Why do we need changes in the file? Is it because unrecognized headers from sigv4_auth_manager.cc? Does disabling ICEBERG_BUILD_SIGV4 help in this case? I am thinking if we can add a dedicated ci workflow for aws-related stuff like S3 and SigV4
| option(ICEBERG_BUILD_BUNDLE "Build the battery included library" ON) | ||
| option(ICEBERG_BUILD_REST "Build rest catalog client" ON) | ||
| option(ICEBERG_BUILD_REST_INTEGRATION_TESTS "Build rest catalog integration tests" OFF) | ||
| option(ICEBERG_BUILD_SIGV4 "Build SigV4 authentication support (requires AWS SDK)" OFF) |
There was a problem hiding this comment.
Please rebase on the latest main branch so we can see the option ICEBERG_S3. I think we should follow the same pattern to name it ICEBERG_SIGV4.
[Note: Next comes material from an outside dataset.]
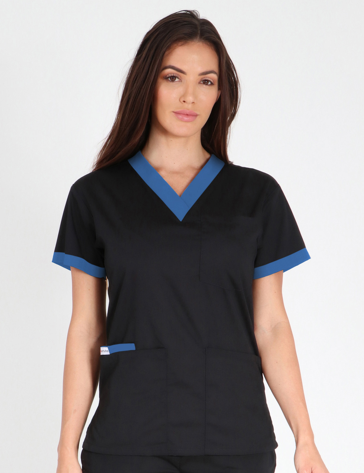 This 4-pocket scrub top showcases contrasting colours around the V neckline and an insert inside one front pocket, adding an element of intrigue and individuality to its practical design.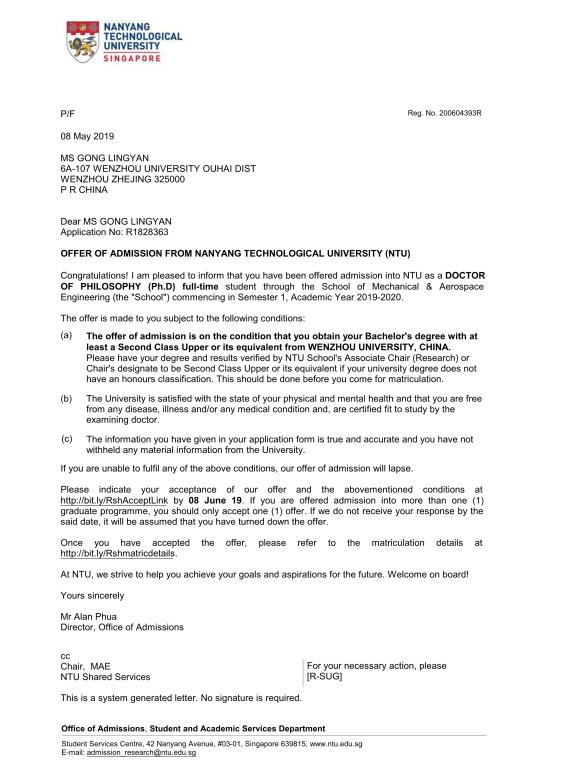 开云体育-开云体育app下载 15级机械工程(国际化)专业本科生龚玲艳,在我校李子瑞教授的精心培养和指导下,成功获得新加坡南洋理工大学博士录取(机械与航天航空工程学院),并获该校全额奖学金(NTU RESEARCH SCHOLARSHIP)。

| cpr_params.Add({key, val}); | ||
| if (params.empty()) return base_url; | ||
| std::map<std::string, std::string> sorted(params.begin(), params.end()); | ||
| std::string url = base_url + "?"; |
There was a problem hiding this comment.
Here we assume that base_url will never contain & which is true for rest catalog use case but HttpClient is an exported class so it is worth adding a comment to avoid misuse.
| SigV4AuthSession( | ||
| std::shared_ptr<AuthSession> delegate, std::string signing_region, | ||
| std::string signing_name, | ||
| std::shared_ptr<Aws::Auth::AWSCredentialsProvider> credentials_provider, |
There was a problem hiding this comment.
Generally it is not a good practice to expose AWS sdk internals like this. We can consider changing to sigv4_auth_manager_internal.h so we don't install it any more. This is also related to my other comment about installed headers.
| namespace { | ||
|
|
||
| /// \brief Ensures AWS SDK is initialized exactly once per process. | ||
| /// ShutdownAPI is intentionally never called (leak-by-design) to avoid |
There was a problem hiding this comment.
Is this the recommended approach?
| // ---------- Tests ported from Java TestRESTSigV4AuthSession ---------- | ||
|
|
||
| // Java: authenticateWithoutBody |
There was a problem hiding this comment.
| // ---------- Tests ported from Java TestRESTSigV4AuthSession ---------- | |
| // Java: authenticateWithoutBody |
Let's remove comments like this and below.
| auto delegate_session, | ||
| delegate_->TableSession(table, properties, sigv4_parent->delegate())); | ||
|
|
||
| auto merged = MergeProperties(sigv4_parent->effective_properties(), properties); |
There was a problem hiding this comment.
Quick question: is it intentional that table sessions inherit the parent session's effective SigV4 properties, including contextual overrides?
This seems slightly different from Java's current RESTSigV4AuthManager, where tableSession merges table properties with catalogProperties. The C++ precedence of catalog < context < table looks reasonable to me, but if this is deliberate, could we document it or keep the test that makes this behavior explicit?
Implement AWS SigV4 authentication for the REST catalog client, following Java's
RESTSigV4AuthManagerandRESTSigV4AuthSession.AuthSession::Authenticate()withHTTPRequestContext(method, url, body) for SigV4 request signingSigV4AuthSession: delegate-first auth → relocate conflicting Authorization header → sign with AWS SDKSigV4AuthManager: wraps delegate AuthManager (default OAuth2), resolves credentials from properties or default chainSignerChecksumParamsoutput: empty body → hexEMPTY_BODY_SHA256; non-empty body →Base64(SHA256(body))